December 2018 Small Business Lending Index
This could be an indication of small business confidence slowing as we enter 2019. Small business lending is often used as a gauge of economic health and confidence. So any slowdown in those rates is not a great sign for the economy.
There are several likely reasons why this shift may have happened in December. PayNet points out that the recent U.S. government shutdown that started late in December was probably part of it. However, the company does believe that there are other factors at play as well.
Bill Phelan, CEO of PayNet, said in an email to Small Business Trends, “This data tells us that small businesses across the country started to show signs of cautiousness during the last few months of 2018. While the shutdown that began in the last week of December may have played a role in lowering confidence, small businesses likely saw gridlock coming as a result of the midterm elections and halted borrowing as a result.”
In addition to the lending slowdown between November and December, PayNet’s Small Business Lending Index also fell 7 percent from December 2017 and December 2018, which represents the first year-over-year decline since September 2017. So this is part of a larger declining trend, rather than a simple outlier that represents one troubling month.
Phelan adds, “With the three-month moving average making its fourth decrease in five months, we think there is something more substantial at play that is causing Main Street to rethink its more aggressive growth plans for this year—which we believe will have real economic impact in the next quarter.”
More specifically, PayNet found that lending slowed in seven of the top industries, with the biggest declines in accommodation and food service, public administration and professional, scientific and technical services.
In addition, PayNet’s Small Business Delinquency Index rose by 2 basis points in December, with a jump of 8 basis points in a year-over-year basis.
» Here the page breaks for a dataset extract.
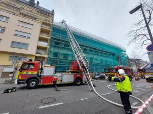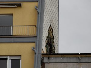 Isolationsmaterial an der Mauer zum Nachbargebäude hatte Feuer gefangen. Dieses fraß sich dann langsam zwischen den Wänden weiter nach unten. Ein großes Feuer war nicht zu sehen. Bis gegen 17h schien die Feuerwehr die Lage unter Kontrolle gebracht zu haben.
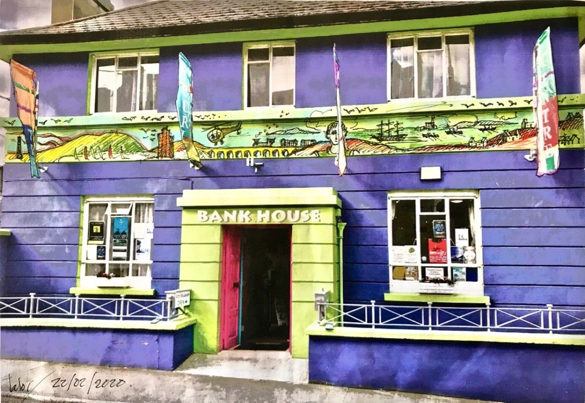 The Museum has a permanent home in Bank House, right in the centre of the village. As you might expect, it was once the local bank but – after closure – it was bought by the community and is currently finding fresh uses. This montage (above) is by Brian Lalor: he and I are imagining the building being livened up by a mural from Brian’s brush. Unfortunately, Covid has put a check on the Museum’s development over the last couple of years. But we are looking forward to getting things going again with a new exhibition for 2022. The photo below shows the Museum interior set up for the 2019 show.

Basically, this shows that there has been a small but steady increase in the number of small businesses that are unable to make loan payments on time.
Overall, small business confidence and overall economic health remain relatively high. But these findings do display some potentially troubling trends. Small businesses aren’t necessarily feeling as confident in their ability to grow and obtain financing that they’ll be able to pay back in a timely fashion. PayNet believes this will start to make an impact on the economy as a whole in fairly short order.